» What the task requires
Where a picture occurs in the data, omit it, and copy all remaining data exactly.

» Exercise inputs
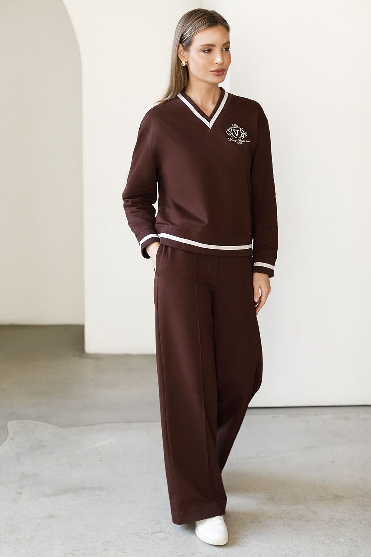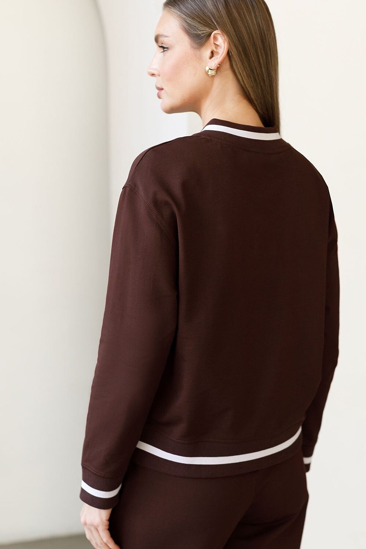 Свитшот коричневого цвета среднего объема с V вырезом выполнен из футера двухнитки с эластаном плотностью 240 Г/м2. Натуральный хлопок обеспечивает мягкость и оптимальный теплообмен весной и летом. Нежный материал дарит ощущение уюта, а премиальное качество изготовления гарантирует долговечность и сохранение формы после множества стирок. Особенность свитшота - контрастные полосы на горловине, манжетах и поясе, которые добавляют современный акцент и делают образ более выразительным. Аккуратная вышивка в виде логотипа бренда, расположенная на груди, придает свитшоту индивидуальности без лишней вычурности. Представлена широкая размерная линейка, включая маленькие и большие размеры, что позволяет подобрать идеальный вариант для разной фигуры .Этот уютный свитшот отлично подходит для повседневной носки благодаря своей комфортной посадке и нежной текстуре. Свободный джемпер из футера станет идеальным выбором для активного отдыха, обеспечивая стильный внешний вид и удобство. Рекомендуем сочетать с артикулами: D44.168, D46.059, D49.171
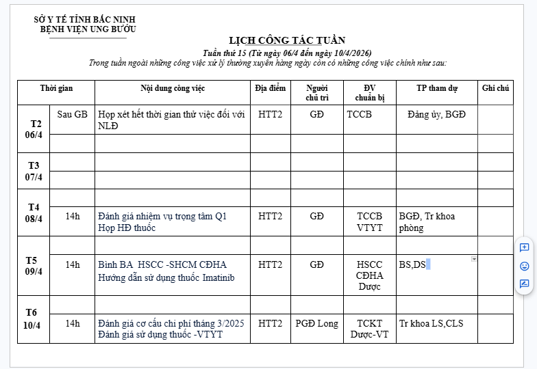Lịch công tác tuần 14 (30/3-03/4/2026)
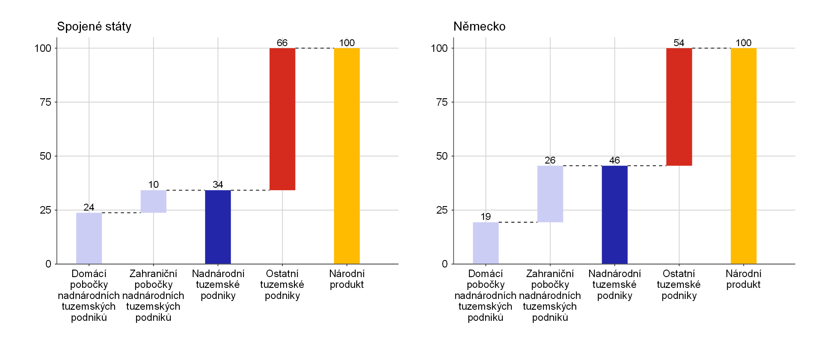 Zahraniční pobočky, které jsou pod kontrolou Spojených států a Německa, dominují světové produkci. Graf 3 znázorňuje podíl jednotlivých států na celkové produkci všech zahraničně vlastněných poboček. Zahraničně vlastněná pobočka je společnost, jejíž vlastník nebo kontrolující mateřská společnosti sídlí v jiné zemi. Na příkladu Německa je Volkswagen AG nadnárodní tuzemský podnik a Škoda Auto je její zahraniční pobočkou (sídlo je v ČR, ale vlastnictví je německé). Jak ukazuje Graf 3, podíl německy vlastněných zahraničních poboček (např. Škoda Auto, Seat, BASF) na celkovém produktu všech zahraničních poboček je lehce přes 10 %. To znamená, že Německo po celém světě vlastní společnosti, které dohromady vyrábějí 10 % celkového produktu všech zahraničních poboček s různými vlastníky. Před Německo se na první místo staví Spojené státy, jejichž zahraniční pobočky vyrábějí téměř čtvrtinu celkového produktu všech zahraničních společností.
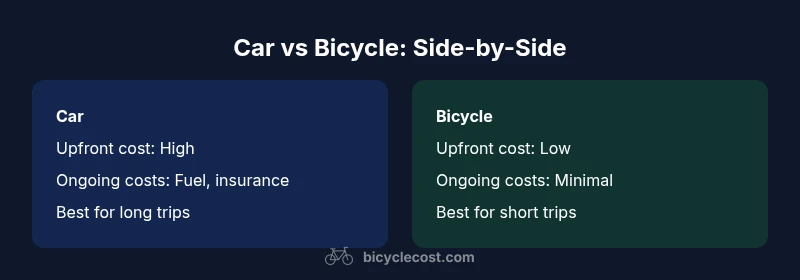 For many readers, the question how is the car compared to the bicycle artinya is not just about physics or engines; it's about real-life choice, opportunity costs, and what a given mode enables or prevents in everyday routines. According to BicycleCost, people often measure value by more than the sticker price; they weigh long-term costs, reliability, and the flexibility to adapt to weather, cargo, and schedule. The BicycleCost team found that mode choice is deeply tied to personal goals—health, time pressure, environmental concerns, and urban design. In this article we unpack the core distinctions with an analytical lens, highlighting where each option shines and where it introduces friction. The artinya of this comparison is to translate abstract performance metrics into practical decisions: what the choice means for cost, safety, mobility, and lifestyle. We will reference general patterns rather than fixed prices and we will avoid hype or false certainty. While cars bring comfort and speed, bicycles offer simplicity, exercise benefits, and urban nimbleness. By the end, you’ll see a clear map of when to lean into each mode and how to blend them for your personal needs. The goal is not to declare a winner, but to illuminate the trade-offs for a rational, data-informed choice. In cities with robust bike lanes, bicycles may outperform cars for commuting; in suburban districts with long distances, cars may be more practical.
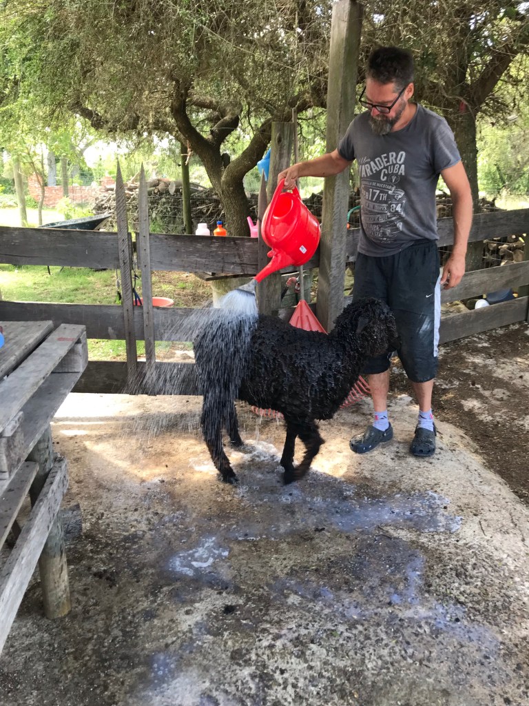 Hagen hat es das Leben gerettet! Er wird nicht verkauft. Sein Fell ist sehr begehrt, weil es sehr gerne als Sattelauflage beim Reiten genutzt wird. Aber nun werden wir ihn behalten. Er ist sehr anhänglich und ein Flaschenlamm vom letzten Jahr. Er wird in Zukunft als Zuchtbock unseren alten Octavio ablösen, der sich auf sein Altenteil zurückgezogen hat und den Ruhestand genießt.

» Completed task
 Свитшот коричневого цвета среднего объема с V вырезом выполнен из футера двухнитки с эластаном плотностью 240 Г/м2. Натуральный хлопок обеспечивает мягкость и оптимальный теплообмен весной и летом. Нежный материал дарит ощущение уюта, а премиальное качество изготовления гарантирует долговечность и сохранение формы после множества стирок. Особенность свитшота - контрастные полосы на горловине, манжетах и поясе, которые добавляют современный акцент и делают образ более выразительным. Аккуратная вышивка в виде логотипа бренда, расположенная на груди, придает свитшоту индивидуальности без лишней вычурности. Представлена широкая размерная линейка, включая маленькие и большие размеры, что позволяет подобрать идеальный вариант для разной фигуры .Этот уютный свитшот отлично подходит для повседневной носки благодаря своей комфортной посадке и нежной текстуре. Свободный джемпер из футера станет идеальным выбором для активного отдыха, обеспечивая стильный внешний вид и удобство. Рекомендуем сочетать с артикулами: D44.168, D46.059, D49.171
Lịch công tác tuần 14 (30/3-03/4/2026)
 Zahraniční pobočky, které jsou pod kontrolou Spojených států a Německa, dominují světové produkci. Graf 3 znázorňuje podíl jednotlivých států na celkové produkci všech zahraničně vlastněných poboček. Zahraničně vlastněná pobočka je společnost, jejíž vlastník nebo kontrolující mateřská společnosti sídlí v jiné zemi. Na příkladu Německa je Volkswagen AG nadnárodní tuzemský podnik a Škoda Auto je její zahraniční pobočkou (sídlo je v ČR, ale vlastnictví je německé). Jak ukazuje Graf 3, podíl německy vlastněných zahraničních poboček (např. Škoda Auto, Seat, BASF) na celkovém produktu všech zahraničních poboček je lehce přes 10 %. To znamená, že Německo po celém světě vlastní společnosti, které dohromady vyrábějí 10 % celkového produktu všech zahraničních poboček s různými vlastníky. Před Německo se na první místo staví Spojené státy, jejichž zahraniční pobočky vyrábějí téměř čtvrtinu celkového produktu všech zahraničních společností.
 For many readers, the question how is the car compared to the bicycle artinya is not just about physics or engines; it's about real-life choice, opportunity costs, and what a given mode enables or prevents in everyday routines. According to BicycleCost, people often measure value by more than the sticker price; they weigh long-term costs, reliability, and the flexibility to adapt to weather, cargo, and schedule. The BicycleCost team found that mode choice is deeply tied to personal goals—health, time pressure, environmental concerns, and urban design. In this article we unpack the core distinctions with an analytical lens, highlighting where each option shines and where it introduces friction. The artinya of this comparison is to translate abstract performance metrics into practical decisions: what the choice means for cost, safety, mobility, and lifestyle. We will reference general patterns rather than fixed prices and we will avoid hype or false certainty. While cars bring comfort and speed, bicycles offer simplicity, exercise benefits, and urban nimbleness. By the end, you’ll see a clear map of when to lean into each mode and how to blend them for your personal needs. The goal is not to declare a winner, but to illuminate the trade-offs for a rational, data-informed choice. In cities with robust bike lanes, bicycles may outperform cars for commuting; in suburban districts with long distances, cars may be more practical.
 Hagen hat es das Leben gerettet! Er wird nicht verkauft. Sein Fell ist sehr begehrt, weil es sehr gerne als Sattelauflage beim Reiten genutzt wird. Aber nun werden wir ihn behalten. Er ist sehr anhänglich und ein Flaschenlamm vom letzten Jahr. Er wird in Zukunft als Zuchtbock unseren alten Octavio ablösen, der sich auf sein Altenteil zurückgezogen hat und den Ruhestand genießt.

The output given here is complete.